Extracted data entries
+++
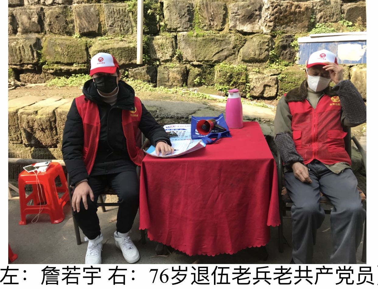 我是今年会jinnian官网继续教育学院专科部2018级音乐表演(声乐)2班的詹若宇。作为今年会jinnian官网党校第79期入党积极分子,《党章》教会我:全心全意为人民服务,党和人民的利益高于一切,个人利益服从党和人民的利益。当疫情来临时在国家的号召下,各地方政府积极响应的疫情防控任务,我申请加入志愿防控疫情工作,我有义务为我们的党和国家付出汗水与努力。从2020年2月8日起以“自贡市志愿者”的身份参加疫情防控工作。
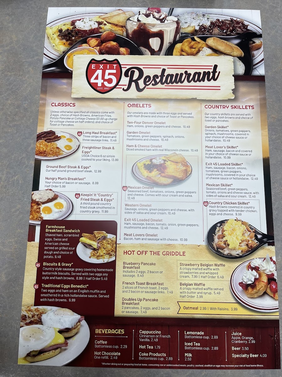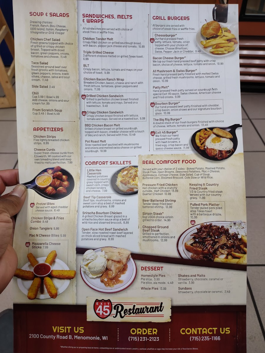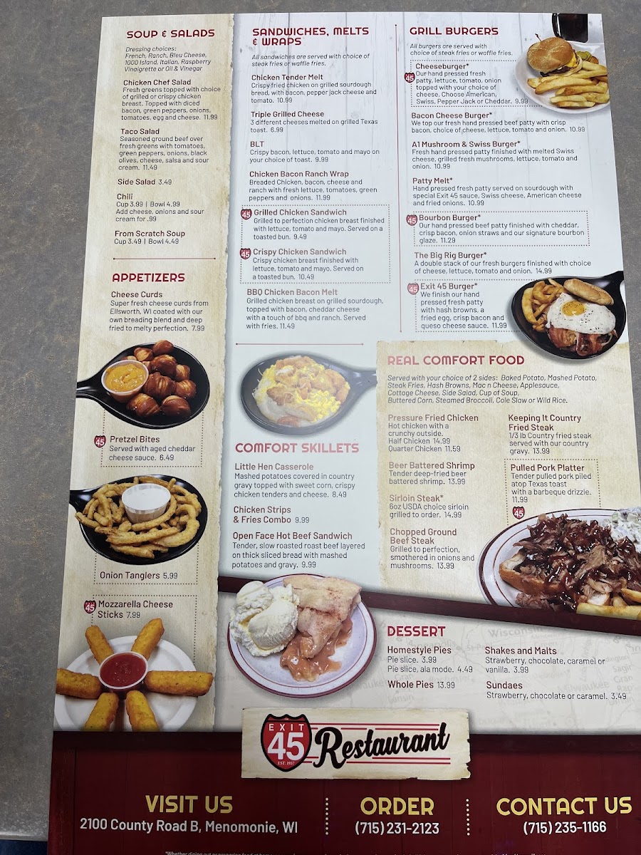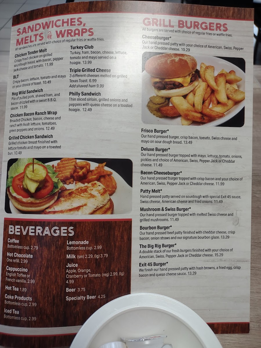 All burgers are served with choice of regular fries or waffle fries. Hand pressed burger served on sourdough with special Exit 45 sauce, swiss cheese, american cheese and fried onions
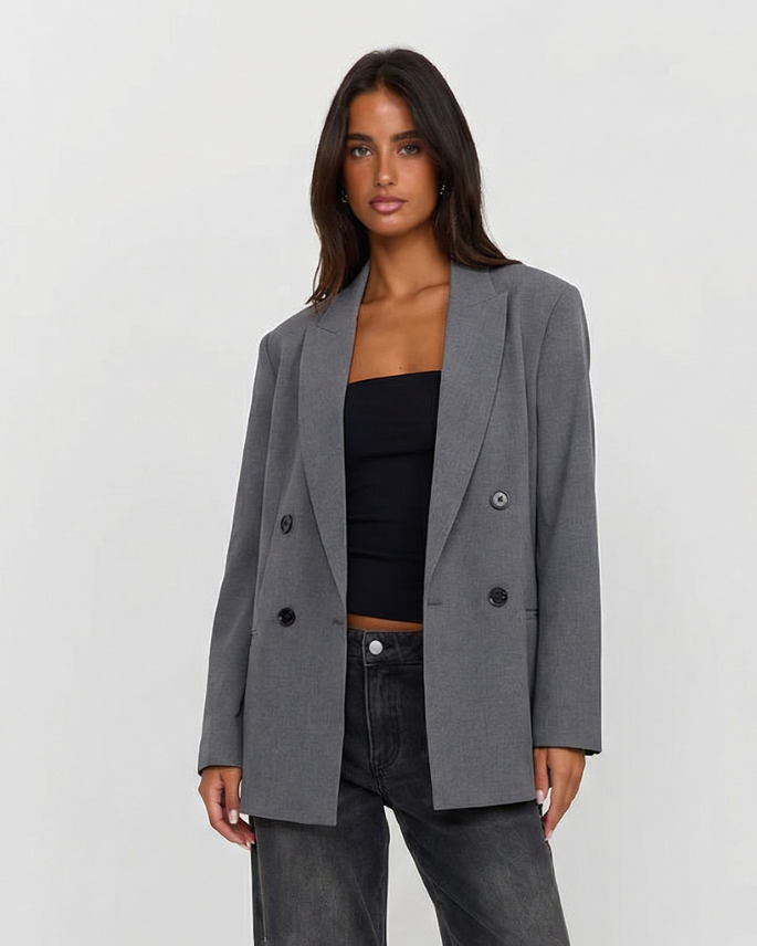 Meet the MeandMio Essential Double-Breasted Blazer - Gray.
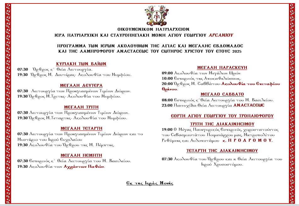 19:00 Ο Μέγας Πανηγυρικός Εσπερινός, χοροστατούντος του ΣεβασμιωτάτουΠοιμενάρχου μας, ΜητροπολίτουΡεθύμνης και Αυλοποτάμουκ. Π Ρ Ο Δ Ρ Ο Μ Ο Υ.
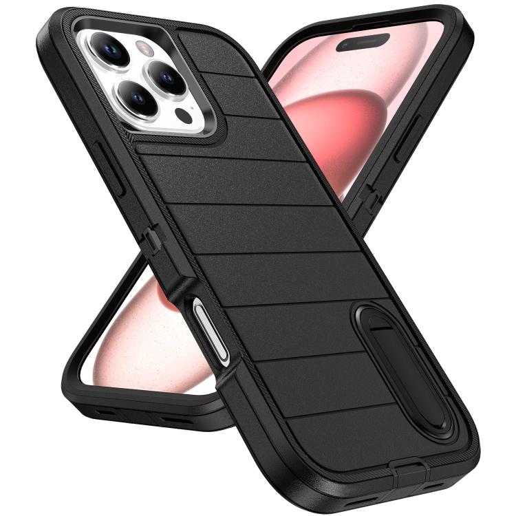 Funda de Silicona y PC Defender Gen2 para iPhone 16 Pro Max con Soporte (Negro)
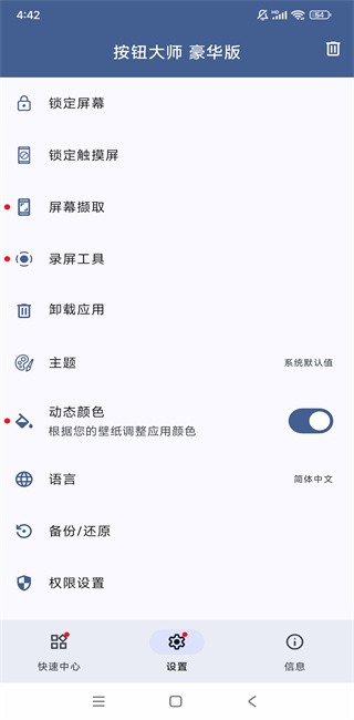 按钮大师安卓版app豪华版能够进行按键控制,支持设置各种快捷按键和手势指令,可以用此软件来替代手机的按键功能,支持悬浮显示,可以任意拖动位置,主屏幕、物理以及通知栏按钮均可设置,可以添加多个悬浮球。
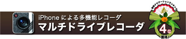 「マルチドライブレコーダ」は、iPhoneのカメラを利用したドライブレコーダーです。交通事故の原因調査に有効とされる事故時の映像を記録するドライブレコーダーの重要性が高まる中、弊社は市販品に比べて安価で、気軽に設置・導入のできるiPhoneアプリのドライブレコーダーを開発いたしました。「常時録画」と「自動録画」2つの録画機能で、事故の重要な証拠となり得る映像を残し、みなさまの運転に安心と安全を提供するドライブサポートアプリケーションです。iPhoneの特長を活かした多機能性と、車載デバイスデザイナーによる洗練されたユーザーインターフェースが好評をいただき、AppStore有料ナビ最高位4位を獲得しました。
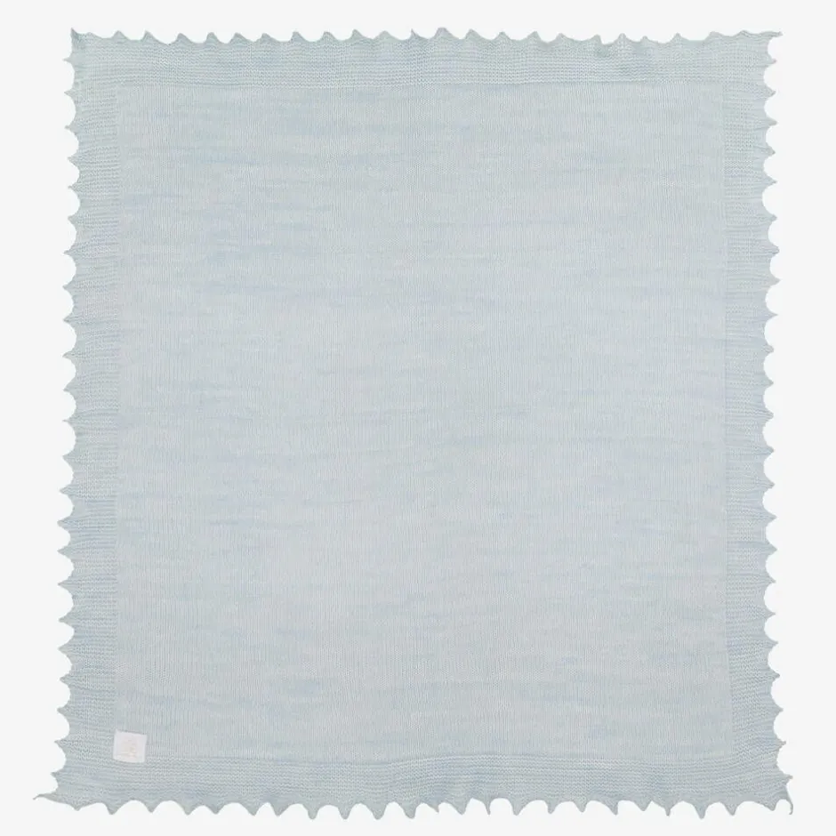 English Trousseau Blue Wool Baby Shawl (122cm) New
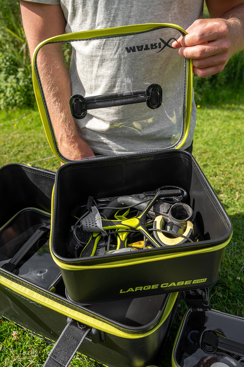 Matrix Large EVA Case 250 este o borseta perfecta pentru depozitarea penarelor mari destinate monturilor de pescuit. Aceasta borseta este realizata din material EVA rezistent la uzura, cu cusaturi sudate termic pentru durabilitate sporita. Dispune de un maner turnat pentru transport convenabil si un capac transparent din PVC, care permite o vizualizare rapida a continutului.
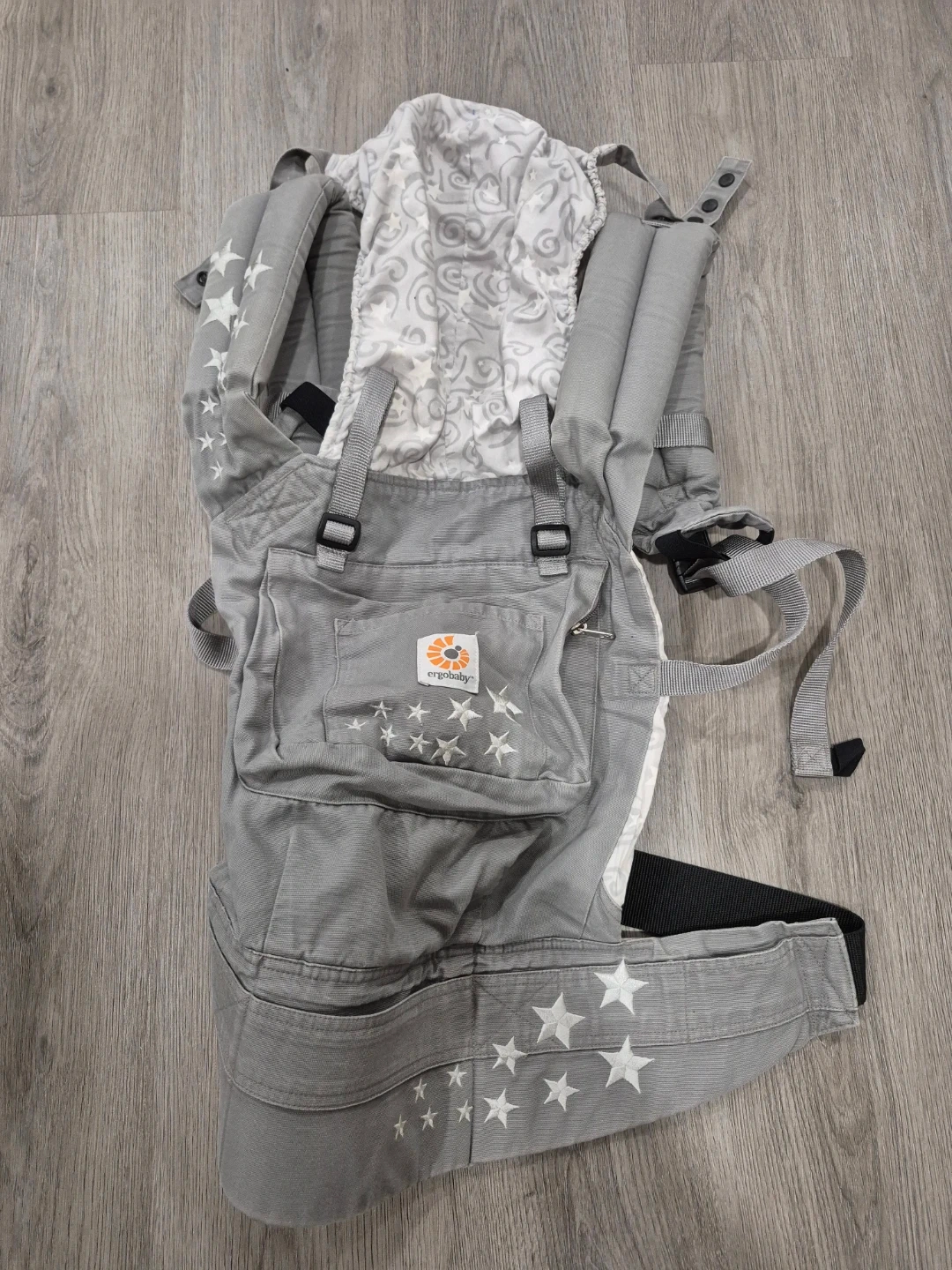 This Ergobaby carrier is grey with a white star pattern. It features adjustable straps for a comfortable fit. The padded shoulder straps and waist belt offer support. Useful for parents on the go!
+++
▸ What you need to do:
What to print is the stretch of entries from the line with "Meet the MeandMio" up to and including the line with "Funda de Silicona". Please print it exactly and leave out the pictures.

▸ Exercise result:
 Meet the MeandMio Essential Double-Breasted Blazer - Gray.
 19:00 Ο Μέγας Πανηγυρικός Εσπερινός, χοροστατούντος του ΣεβασμιωτάτουΠοιμενάρχου μας, ΜητροπολίτουΡεθύμνης και Αυλοποτάμουκ. Π Ρ Ο Δ Ρ Ο Μ Ο Υ.
 Funda de Silicona y PC Defender Gen2 para iPhone 16 Pro Max con Soporte (Negro)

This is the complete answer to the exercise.